El padre de Olga es cirujano cardiólogo. Da clases en la universidad y dirige proyectos de investigación. Sus pacientes son todos de alto poder adquisitivo. Su madre es arquitecta, socia de un estudio de arquitectura buenísimo que con la crisis ha visto como se esfumaban todos sus clientes y ha tenido que cerrar durante una temporada. A pesar de todo, viven holgadamente en un piso del barrio de la Bonanova, en la zona alta de la ciudad, y pasan el verano en un pueblo de la Costa Brava, donde su padre se aísla para leer y estudiar, y su madre toma el sol todos los días. A mí su vida me parece envidiable.

—¡Amaranta! ¿Me estás escuchando? ¿Eres feliz o no eres feliz?

«Feliz.» Es difícil encontrar una palabra exacta para los sentimientos, a veces. «Felicidad» no era la palabra que definía lo que me estaba ocurriendo. Más apropiadas hubieran resultado «estupefacción», «extrañeza» o «incomodidad». Era todo demasiado exagerado. Me sentía fuera de lugar con aquellas pintas de princesa Disney. Habría dado cualquier cosa por irme a dormir en aquel mismo momento.

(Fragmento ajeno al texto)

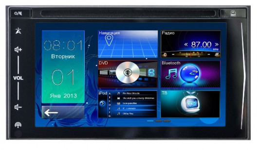 Данная магнитола считывает большинство самых востребованных форматов файлов: MP3, WMA, MPEG1/2, MPEG4, JPEG, GIF, BMP. Это даст возможность интересно провести время за просмотром кино, фотографий, видеоклипов и мн.др. Отличное качество изображения обеспечит встроенный сенсорный 6,5-дюймовый дисплей с разрешением 800х480 пикселей. Также экран является элементом управления автомагнитолой, но для максимально комфортного и безопасного использования устройства, рекомендуется произвести штатное подключение к кнопкам на рулевом колесе.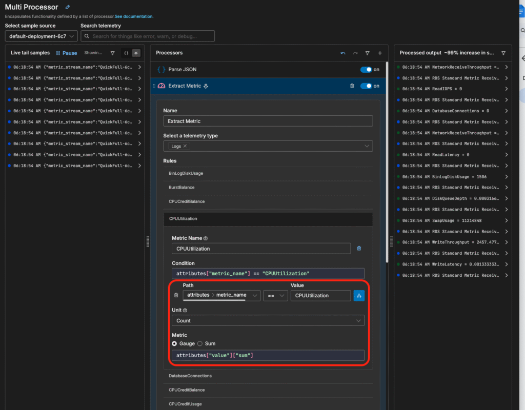 You can also extract metrics directly from your data. For example, if a log entry contains CPU utilization values, Edge Delta can parse that information and convert it into a time series metric, enabling you to visualize trends, create alerts, or correlate it with other telemetry data: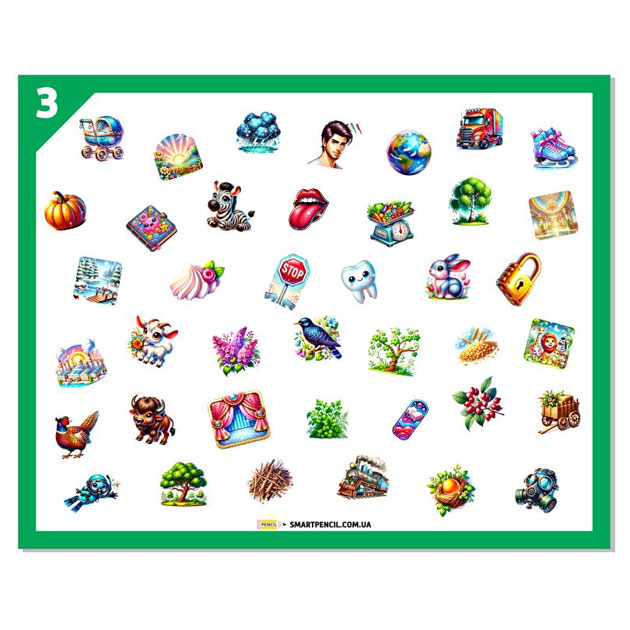 В набір входять килимок 50х 40см, 3 рамки, картка з переліком слів
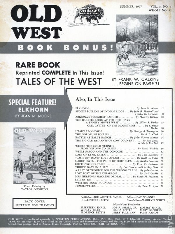 A Link to Our Pioneer Heritage; "A magazine devoted to the treasurers, artifacts and collectibles intimately associated with the expansion and development of the vast frontier". 32 pages, B&W. Cover price $0.35.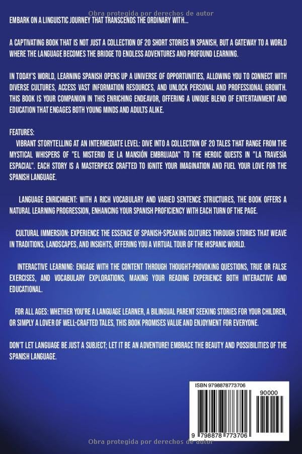 Embark on a linguistic journey that transcends the ordinary with… A captivating book that is not just a collection of 20 short stories in Spanish, but a gateway to a world where the language becomes the bridge to endless adventures and profound learning. In today’s world, learning Spanish opens up a universe of opportunities, allowing you to connect with diverse cultures, access vast information resources, and unlock personal and professional growth. This book is your companion in this enriching endeavor, offering a unique blend of entertainment and education that engages both young minds and adults alike. Features: Vibrant Storytelling at an Intermediate Level: Dive into a collection of 20 tales that range from the mystical whispers of “El Misterio de la Mansion Embrujada” to the heroic quests in “La Travesia Espacial”. Each story is a masterpiece crafted to ignite your imagination and fuel your love for the Spanish language. Language Enrichment: With a rich vocabulary and varied sentence structures, the book offers a natural learning progression, enhancing your Spanish proficiency with each turn of the page. Cultural Immersion: Experience the essence of Spanish-speaking cultures through stories that weave in traditions, landscapes, and insights, offering you a virtual tour of the Hispanic world. Interactive Learning: Engage with the content through thought-provoking questions, true or false exercises, and vocabulary explorations, making your reading experience both interactive and educational. For All Ages: Whether you’re a language learner, a bilingual parent seeking stories for your children, or simply a lover of well-crafted tales, this book promises value and enjoyment for everyone. But, that’s not all… When you download the translations, you will also gain access to an exclusive 5-day Spanish course that covers the fundamentals of the Spanish language. This course is designed to provide you with a strong foundation in Spanish, making it easier to follow along with the stories in the book. Join us and start your journey to mastering Spanish today! Don’t let language be just a subject; let it be an adventure! Embrace the beauty and possibilities of the Spanish language. Your journey into the richness of Spanish storytelling awaits. Get your copy, and transform your language learning into an unforgettable voyage of discovery. !Vamos!

Para entretenerse, Olga buscaba con los ojos al camarero guapo al que había espiado desde mi cuarto. Le encontró atendiendo una de las barras de bebidas.

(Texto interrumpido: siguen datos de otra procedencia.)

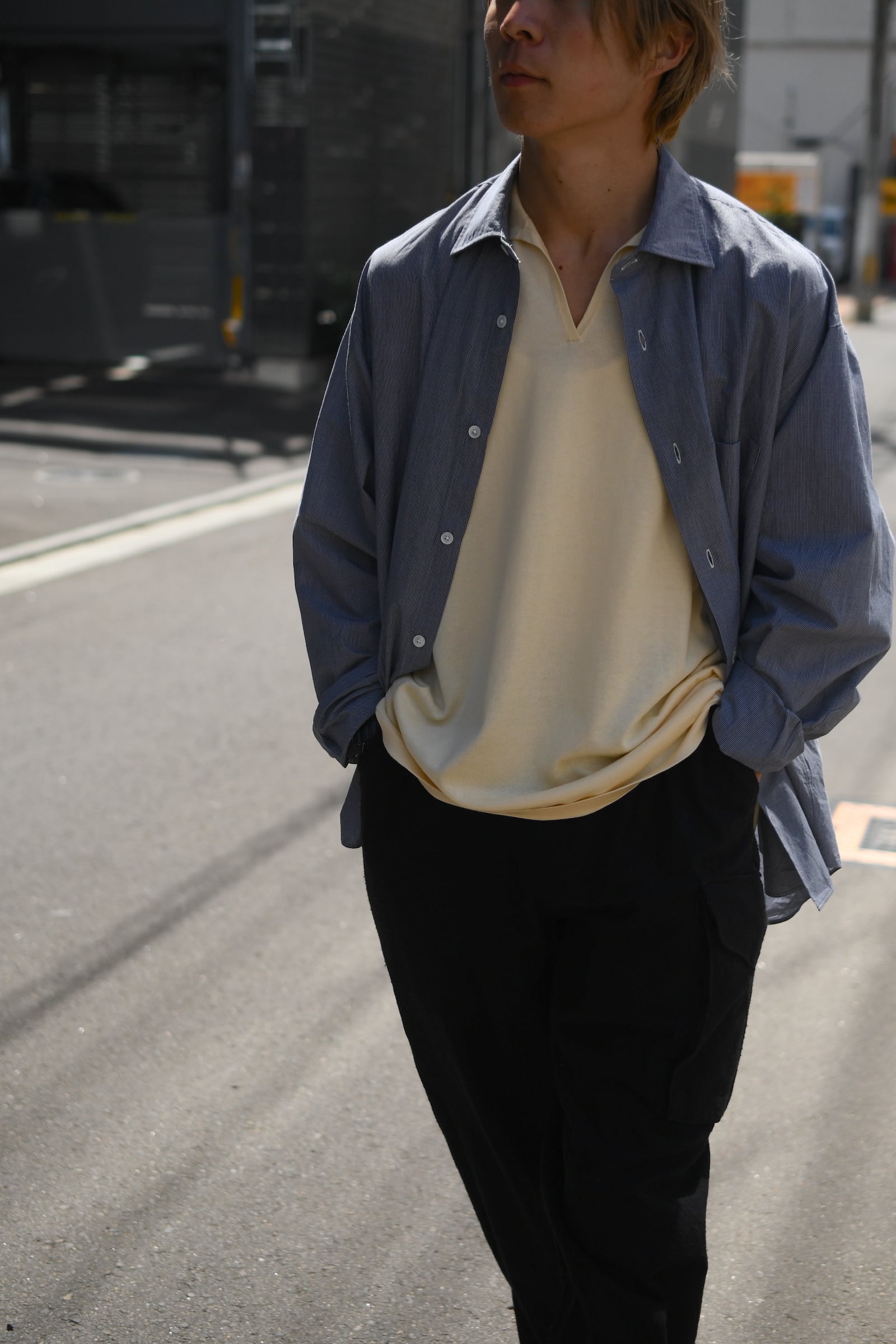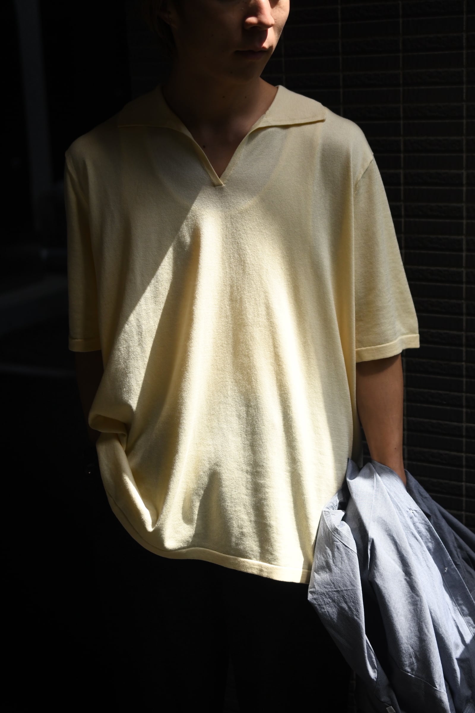 シルクの上質な光沢感と滑らかな肌触り、そしてコットンの優しいタッチ感と通気性が抜群の快適さを付与させているBISOWNのサマースキッパーニット。贅沢にもたっぷりと生地分量を取りながら、性別、体型問わず誰が着てもバランスの良いフリーサイズで制作されており、夏のメインとして申し分のない1着である。また、深さを抑えた首元の開きとハイゲージの仕立てによりシャツ類とのレイヤードも相性が良く、インナーとしても活躍のシーンは多岐に渡るだろう。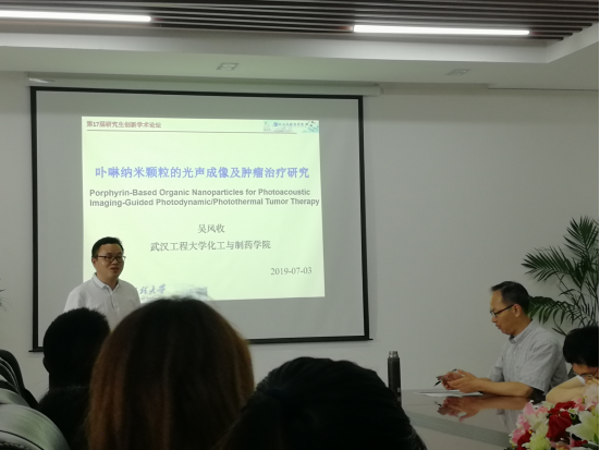 7月3日下午,应化工与制药学院,绿色化工过程教育部重点实验室,湖北省新型反应器与绿色化学工艺重点实验室邀请,武汉工程大学化工与制药学院吴风收博士在流芳校区化工大楼604会议室作了一场题为“Porphyrin-Based Organic Nanoparticles for Photoacoustic Imaging-Guided Photodynamic/Photothermal Tumor Therapy”的学术报告。报告会由化工与制药学院副院长龙思会教授主持,化工与制药学院师生近100余人聆听了报告。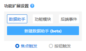 数据助手事件』入口函数,启用数据助手后,可在常规范围内配置数据操作相关功能。

—¡Vamos! —ordenó, caminando hacia allí con mucha seguridad—. Tenemos que comprobar si visto de cerca continúa siendo un doce sobre diez.

Me arrastró entre los invitados que iban llegando, se detuvo ante él y, con su descaro habitual, saludó:

—Hola. Me llamo Olga, ¿y tú?

El camarero —que no estaba nada mal, lo reconozco, aunque no suela coincidir con mi amiga en gustos—, la miró con incomodidad antes de preguntar:

—¿Desea tomar algo, señorita?

—Una cocacola light, gracias —repuso Olga. Se volvió hacia mí y preguntó—: ¿Y tú qué quieres?

Hice un gesto con la mano. No me apetecía beber nada. Estaba demasiado nerviosa.

Cuando el camarero le entregó el vaso, Olga atacó de nuevo:

—No has contestado a mi pregunta.

—Disculpe, no la he oído bien —se excusó, bajando la mirada. Me pareció que también él estaba incómodo y no me extrañó en absoluto.

—Te he preguntado tu nombre —insistió Olga, con una impertinencia que comenzó a hacerme sentir incómoda a mí también.

—Lo siento, estoy trabajando —respondió él, de nuevo sin mirarla.

Aquella respuesta le sentó fatal a Olga, como era de esperar.

—¡Oye! ¡Eres un maleducado! —le increpó—. No te voy a comer. ¡Solo te he hecho una pregunta!

Él sirvió un par de cubatas y se los entregó a uno de los invitados, que esperaba. Antes de pasar al siguiente, dirigió a Olga una mirada muy seria y le dijo:

—Son las normas. No podemos entablar conversación con los invitados, perdone.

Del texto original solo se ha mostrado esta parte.